Trump’s hotel: A group of House Democrats is suing the head of the General Services Administra­tion for access to documents related to President Trump’s D. C. hotel, the project Trump’s company leases from the agency. On Thursday, 17 Democratic members of the House Committee on Oversight and Government Reform, frustrated at the GSA’s repeated unwillingn­ess to provide documents related to the hotel, filed suit in federal court against the agency’s acting administra­tor, Timothy Horne, whom Trump chose after entering the White House.
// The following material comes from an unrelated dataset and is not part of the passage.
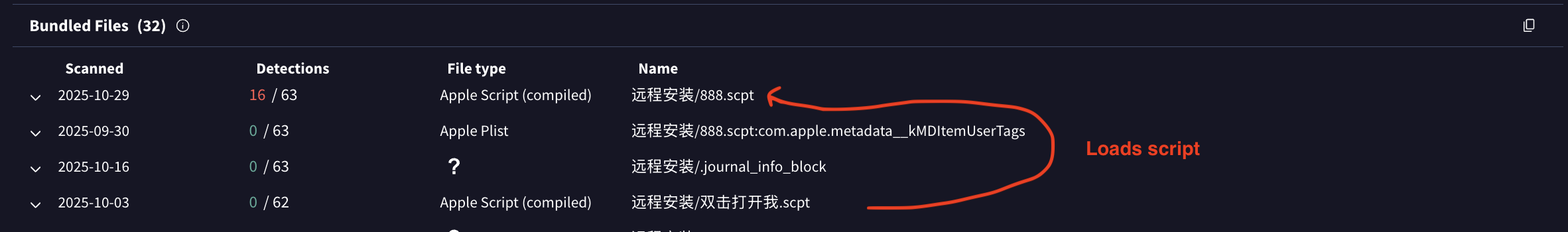 A similar example has been previously analyzed by SentinelOne, and we can see the the hidden AppleScript in <file>/..namedfork/rsrc
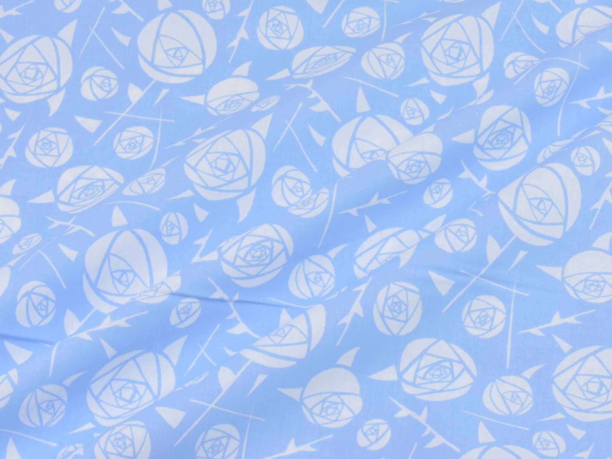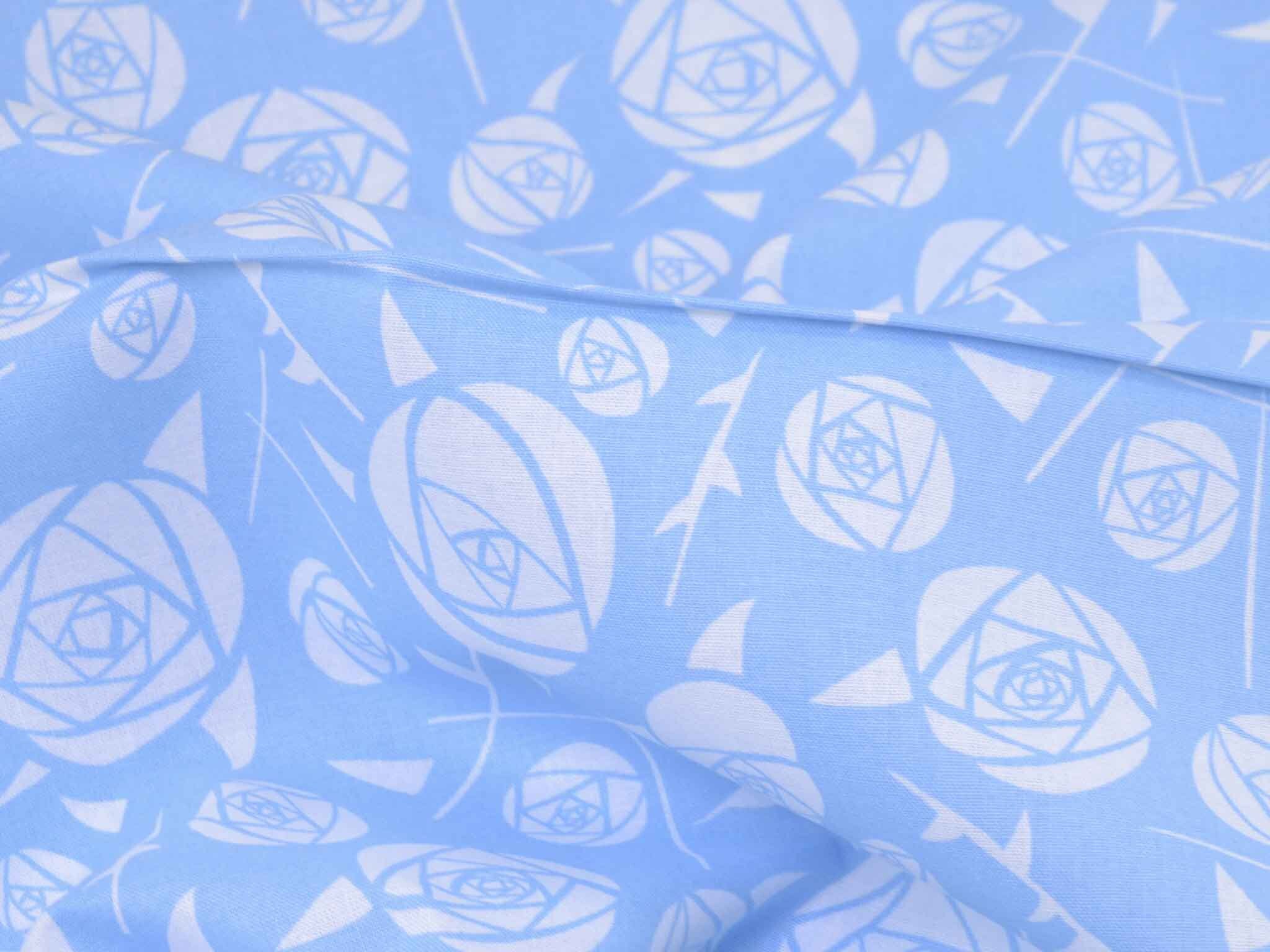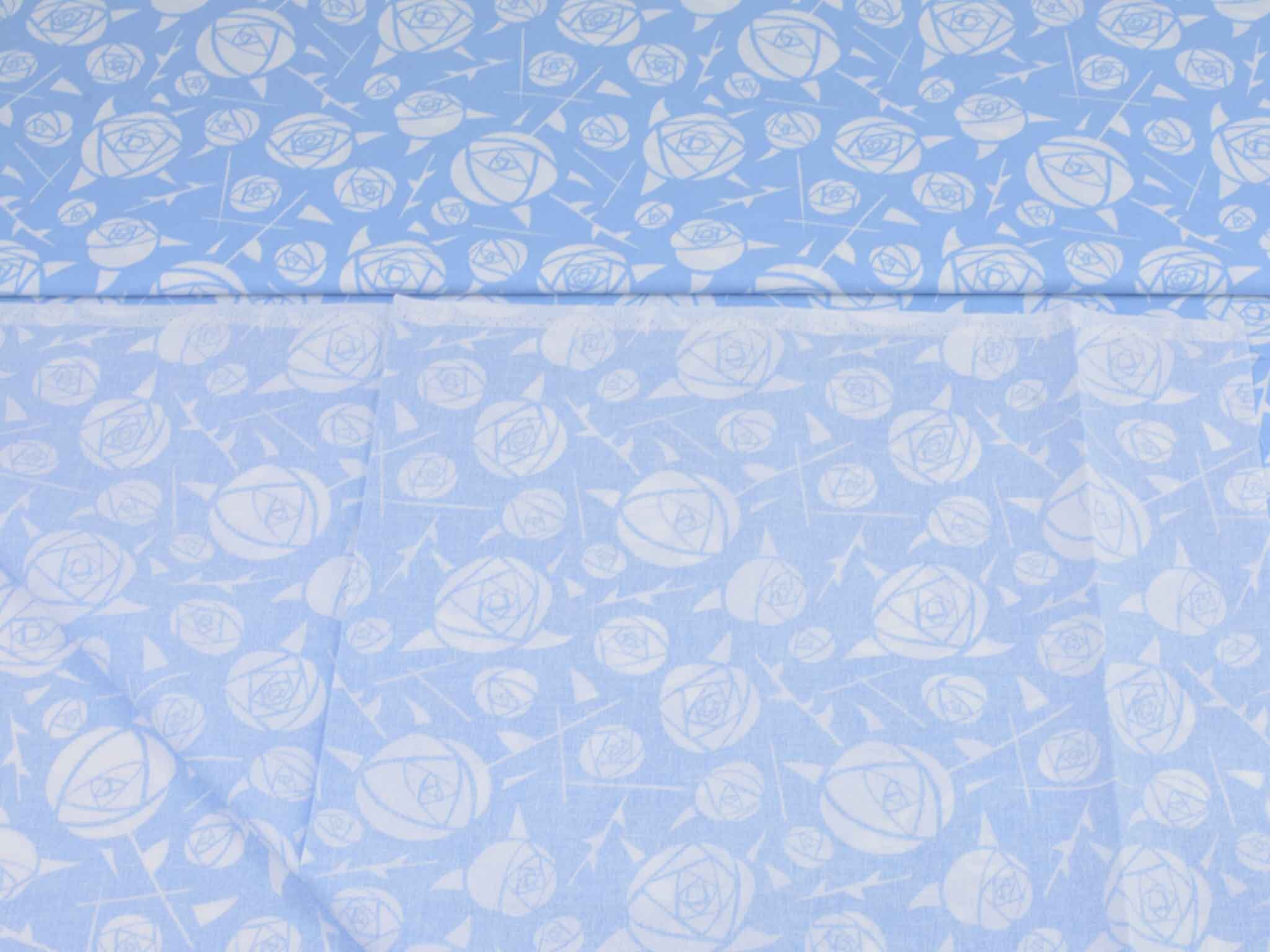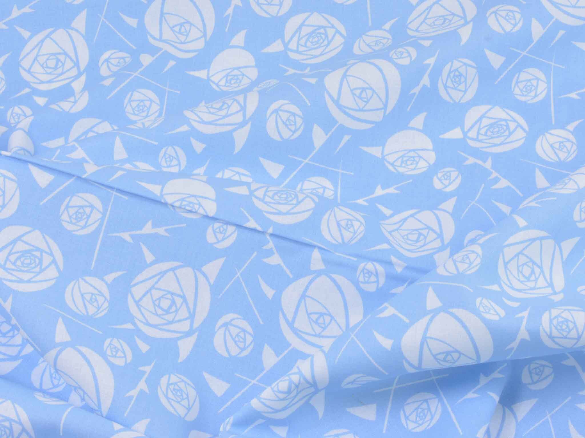 Sehr hochwertiger Webstoff aus Baumwolle von Westfalenstoffe. Der Stoff ist hellblau mit weißen Rosen. Er ist glatt und matt. Nähe daraus Blusen, Kleider, Röcke, Kissen, Taschen und vieles mehr. Der Stoff ist made in Germany.

They seek monthly financial reports the hotel is required to file with the GSA, records of payments from the hotel’s foreign clients and details on how the agency decided to allow the Trump Organizati­on to retain the deal after Trump became president. When he won the election, many legal experts expected the lease would be voided because of a clause barring any “elected official of the government of the United States” from deriving “any benefit” from the deal. Trump and his daughter Ivanka, a senior White House adviser, both retained their stakes in the property.

Chest pain: A procedure used to relieve chest pain in hundreds of thousands of heart patients each year is useless for many of them, according to a study published this week in the Lancet. The study released in New York focused on the insertion of stents, tiny wire cages, to open blocked arteries. The devices are lifesaving when used to open arteries in patients in the throes of a heart attack. But they are most often used in patients who have a blocked artery and chest pain. The new study stunned leading cardiologi­sts by countering decades of clinical experience. The findings raise questions about whether stents should be used so often — or at all — to treat chest pain.

Lottery winner: She knows how to pick a winner. Local media report that Kimberly Morris of Wake Forest scratched off two North Carolina lottery tickets on Monday, winning $ 1 million on one of the tickets and $ 10,000 with another. Morris thought things were going well when she bought a ticket at a grocery store Monday afternoon and scratched off the $ 10,000 prize. She went to the lottery headquarte­rs in Raleigh to claim her prize. On the way home, she stopped and bought another ticket, and bingo! It was worth $ 1 million.